POV-Ray : Newsgroups : povray.binaries.images : A lot of mcpov renderings here : Re: A lot of mcpov renderings here Server Time
5 Nov 2024 13:23:20 EST (-0500)
  Re: A lot of mcpov renderings here  
From: clipka
Date: 30 Mar 2009 14:15:00
Message: <web.49d10b8b6108ca70f708085d0@news.povray.org>
"scott" <sco### [at] scottcom> wrote:
> I've been re-rendering a lot of my radiosity scenes with mcpov recently,
> usually I just copy&paste in the mcpov global header code and then let it
> run overnight.  Scenes that caused hours of frustration with artifacts under
> radiostity magically rendered perfectly :-)  It's really really cool, it
> should an option in the standard POV build IMO.

I must say that I do agree with that. I'd particularly like a hybrid that does
full-fledged path tracing for diffuse or ambient-based illumination, but still
allows it to be intermixed with the classic lighting model for everything else
- if only to have a reference for radiosity...

.... which may be a valid reason for me to actually go ahead and *do* integrate
it; I can always clame it's just a debugging aid for me :P

(Indeed, I can't use mcpov as a reference because it doesn't combine with
classic lighting.)


However, we are actually talking about a whole bunch of features, which might be
integrated into POV (and make sense) all separately:

* The ability to use something like "uncached radiosity" to get artifact-free
diffuse interreflection (provided you are patient enough), either as reference
for radiosity, but also for top-quality shots when rendering time is not an
issue.

* Native support for blurred reflections (which arguably would not give much
different results nor any higher speed than the common averaged-texture
micro-/macronormals approach - except for one important detail: Standardized
easy setup of materials that use it; right now, the most convenient way to do
this would be to use some framework that provides macros for it; but there may
be various such frameworks out there, each with its own "macro syntax").

* The ability to optimize combinations of various effects that need to shoot
many rays - like focal blur + area lights + media + uncached radiosity +
diffuse reflections - by restricting each of these steps to follow only a few
randomly chosen rays (or to follow even just a single random one), and let
oversampling take care of the rest at the "root".

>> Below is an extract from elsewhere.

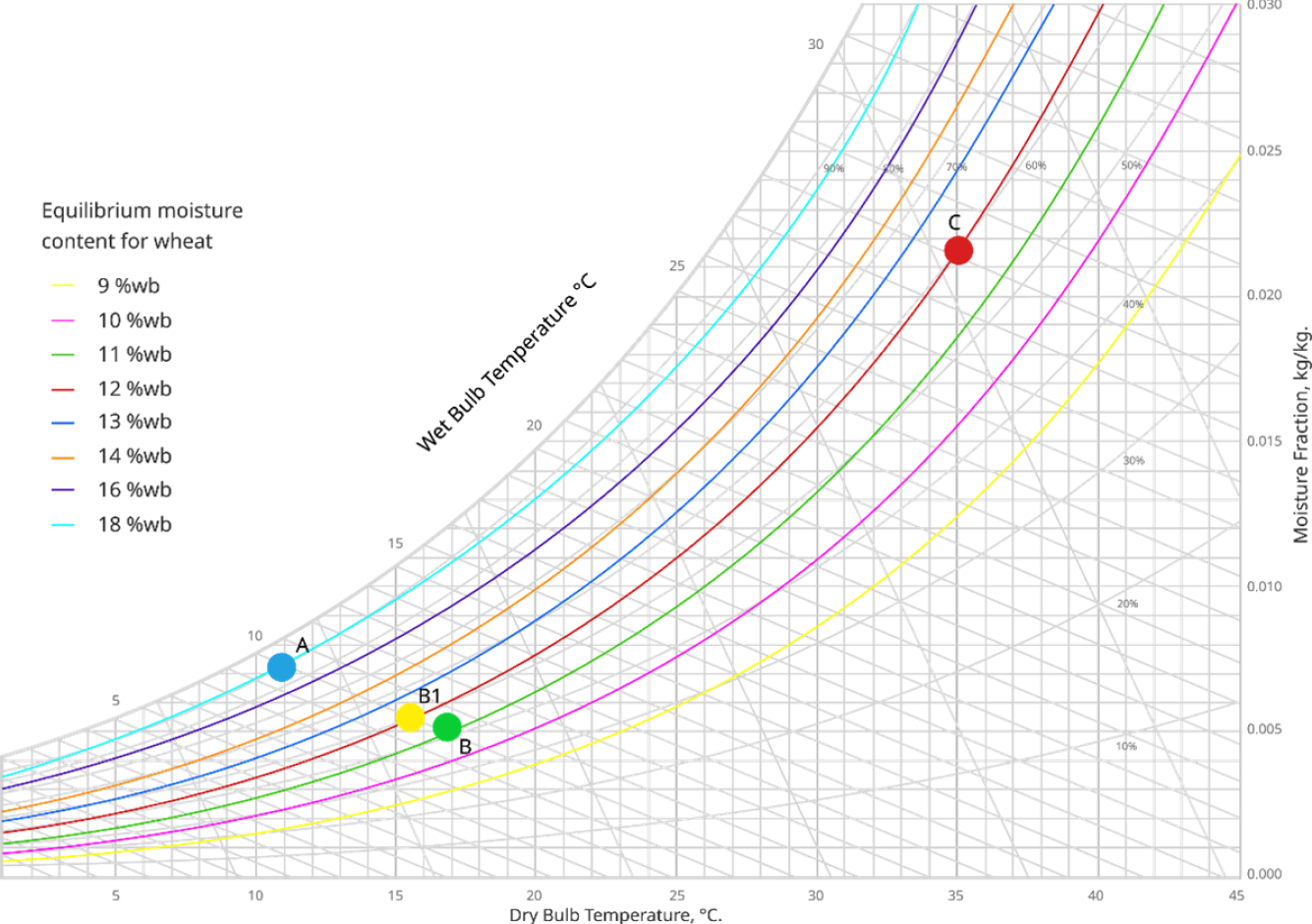 Figure 3- Psychometry diagram with different moisture values and equilibrium moisture content (EMC) curves for wheat (2) The temperature and relative humidity values in the zone C, are equal to the initial conditions in which the wheat was stored. Wheat in this region has a temperature of 35 °C and a relative humidity of 12%. Zone A has the same conditions with the air directed into the silo. When the condition of 11 °C (dry bulb temperature) and 90% relative humidity is marked on the psychometric diagram in Figure-3 (A), it is read that the temperature of the wheat in this region is 11 °C and the equilibrium humidity is 18%. For 11 °C (dry bulb temperature) and 90% relative humidity, the wet bulb temperature is read 10 °C on the curve. This is also the saturation temperature of the air. In order to calculate the values of the grain in the B zone, the wet-bulb temperature curve in the diagram is matched with the grain moisture equilibrium curve. The temperature read at the intersection point is 15.5 °C. (B1) For a more detailed estimation, the rule that the grain internal moisture balance changes by 1% for every 28 °C temperature difference is applied. By applying this rule, the humidity of zone B is approximately 0.70% ((35-15.5)/28=0.70) lower than zone C is calculated. In this case, the equilibrium moisture content of the grain for the zone B is 11.3% (12-0.7=11.3). In the diagram, the dry bulb temperature is 16.7 °C for 11.3% on the wet bulb curve. Thus, it is seen that the temperature of the wheat for the B region is 16.7 °C and the equilibrium humidity is 11.3%. With lower airflow rates, the cooling zone between the leading and trailing edges becomes thinner. When air flow rates are higher, the cooling zone becomes wider or thicker due to the reduced contact time of each air particle with an individual grain core. Since the moisture front closely follows a constant air enthalpy (parallel to the wet bulb temperature), wet bulb temperature is considered a more satisfactory criterion than dry bulb temperature for the control of grain aeration systems. [4] The cooling time of the grain, stored in the silo, to the desired temperature depends on many variables. However, a simple calculation method that can make an approximate time prediction was introduced by Navaro and Calderon [4]: F= (M x ΔT x C) / (Q x ρw x CF x ΔH) F: Cooling time (h) M: Mass of stored grain (kg) ΔT: The temperature difference between the initial condition of the stored grain and the cooled grain (°C) C: Specific heat of stored grain (kcal/ (kg °C) Q: Air flow rate over the stored grain (m3/h) ρw: Average density of cooled air (kg/m3) CF: Correction factor for enthalpy (0.4 ~ 0.5) ΔH: Maximum enthalpy difference between the air entering and leaving the silo (kcal/kg) Using this method, an approximate cooling time can be calculated for the grain, stored inside the silo. If it is proceed through the example;
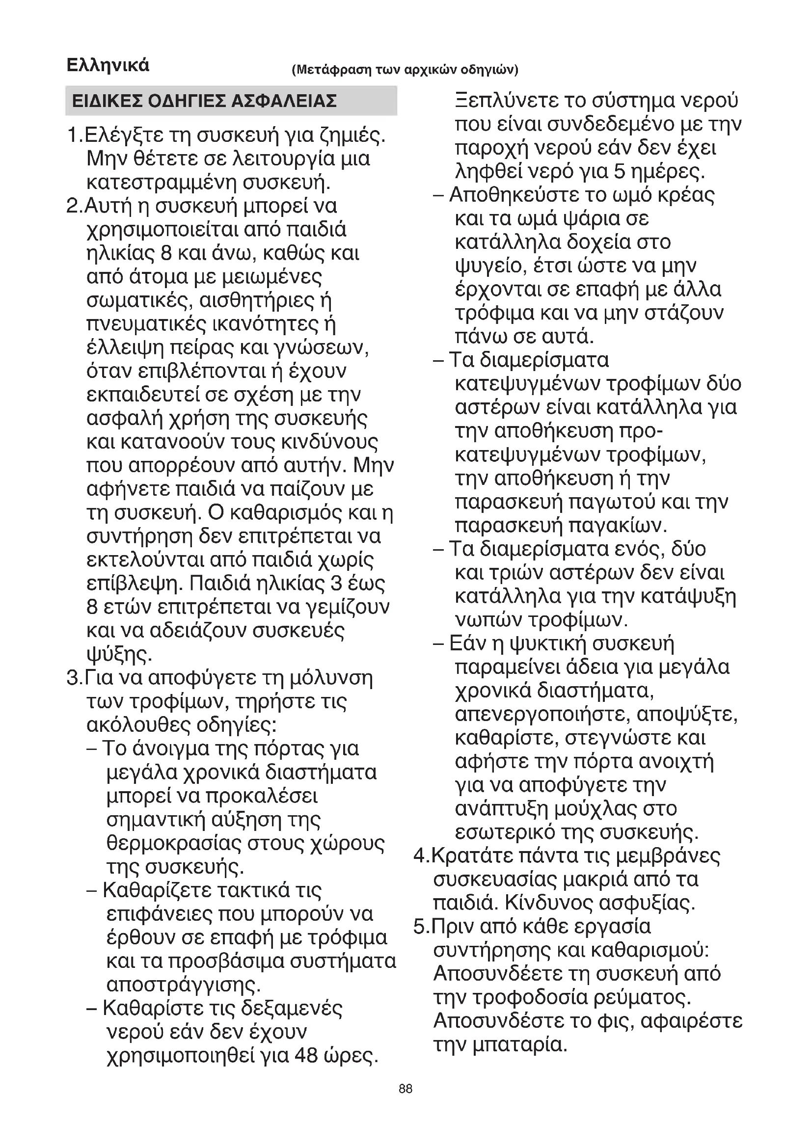 ΕΙΔΙΚΕΣ ΟΔΗΓΙΕΣ ΑΣΦΑΛΕΙΑΣ 1.Ελέγξτε τη συσκευή για ζημιές. Μην θέτετε σε λειτουργία μια κατεστραμμένη συσκευή. 2.Αυτή η συσκευή μπορεί να χρησιμοποιείται από παιδιά ηλικίας 8 και άνω, καθώς και από άτομα με μειωμένες σωματικές, αισθητήριες ή πνευματικές ικανότητες ή έλλειψη πείρας και γνώσεων, όταν επιβλέπονται ή έχουν εκπαιδευτεί σε σχέση με την ασφαλή χρήση της συσκευής και κατανοούν τους κινδύνους που απορρέουν από αυτήν. Μην αφήνετε παιδιά να παίζουν με τη συσκευή. Ο καθαρισμός και η συντήρηση δεν επιτρέπεται να εκτελούνται από παιδιά χωρίς επίβλεψη. Παιδιά ηλικίας 3 έως 8 ετών επιτρέπεται να γεμίζουν και να αδειάζουν συσκευές

* Support for yet another oversampling approach besides static or adaptive
anti-aliasing and focal blur, which does not depend on a pre-set parameter, but
on the user's decision that the image is now pretty enough. Or that he made a
blunder and it's not worth wasting more rendering time on the shot.

* The ability to mark objects or regions as particularly strong sources of
diffuse illumination ("portals"; radiosity could benefit from these, too)

(Did I forget a thing here?)


Plus, there's another thing I'd like to see implemented, which even mcpov
doesn't have:

* True subsurface scattering simulation, using not any smart optimized
mathematical approximations, but simulating the path of individual photons
through the material (of course this will be awfully slow I bet, but there may
be situations where the average SSS aproximation just doesn't quite grasp some
detail (like the subtle effect of the bones in a finger); it might be of
benefit again as reference for SSS approximation, but also on top-quality shots
when rendering time is not an issue.